DNA Recombinante

- Técnica do DNA recombinante: O isolamento dos genes de interesse é conduzido por meio de técnicas de clonagem molecular que consiste em induzir um organismo e amplificar a sequência de DNA de interesse, em sistemas que permitem uma fácil purificação e recuperação do referido fragmento de DNA. Para isso, são utilizados vectores de clonagem (plasmídeos ou vírus) nos quais a sequência de DNA de interesse é inserida , utilizando a enzima DNA ligase. Quando necessário, o fragmento de DNA de interesse pode ser libertado do vector por meio de enzimas de restrição.

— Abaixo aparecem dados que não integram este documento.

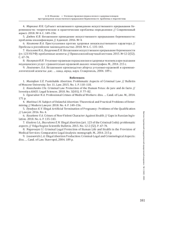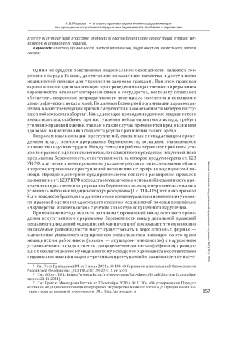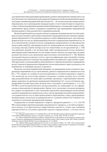 МАШКОВА А. В. УГОЛОВНО-ПРАВОВАЯ ОХРАНА ЖИЗНИ И ЗДОРОВЬЯ ЖЕНЩИН ПРИ ПРОВЕДЕНИИ ИСКУССТВЕННОГО ПРЕРЫВАНИЯ БЕРЕМЕННОСТИ: ПРОБЛЕМЫ И ПЕРСПЕКТИВЫ // ВЕСТНИК САРАТОВСКОЙ ГОСУДАРСТВЕННОЙ ЮРИДИЧЕСКОЙ АКАДЕМИИ. 2025. № 1 (162)

Uma vez isolado o gene de interesse, estes fragmentos de DNA (genes) são incorporados (por meio das técnicas de Engenharia Genética) no Genoma do organismo alvo, resultando daí um organismo geneticamente modificado (OGM), cuja característica adquirida passa a ser hereditária.

A tecnologia do DNA Recombinante foi desenvolvida em 1973 e permite a transferência do material genético de um organismo para o outro de forma efetiva e eficiente. Ao invés de promover o cruzamento entre organismos relacionados para obter uma característica desejada, os cientistas podem identificar e inserir, no genoma de um determinado organismo, um único gene responsável pela característica em particular. O gene inserido artificial ou intencionalmente no genoma de um organismo é denominado transgene. Desta forma, tem-se uma alteração precisa e previsível.
Antes do desenvolvimento da tecnologia do DNA Recombinante, a técnica utilizada era a do Melhoramento Clássico, na qual a transferência de genes se dava por meio de cruzamentos (reprodução sexuada), misturando todo o conjunto de genes dos dois organismos em combinações aleatórias. A técnica exigia um enorme gasto de tempo e não era precisa.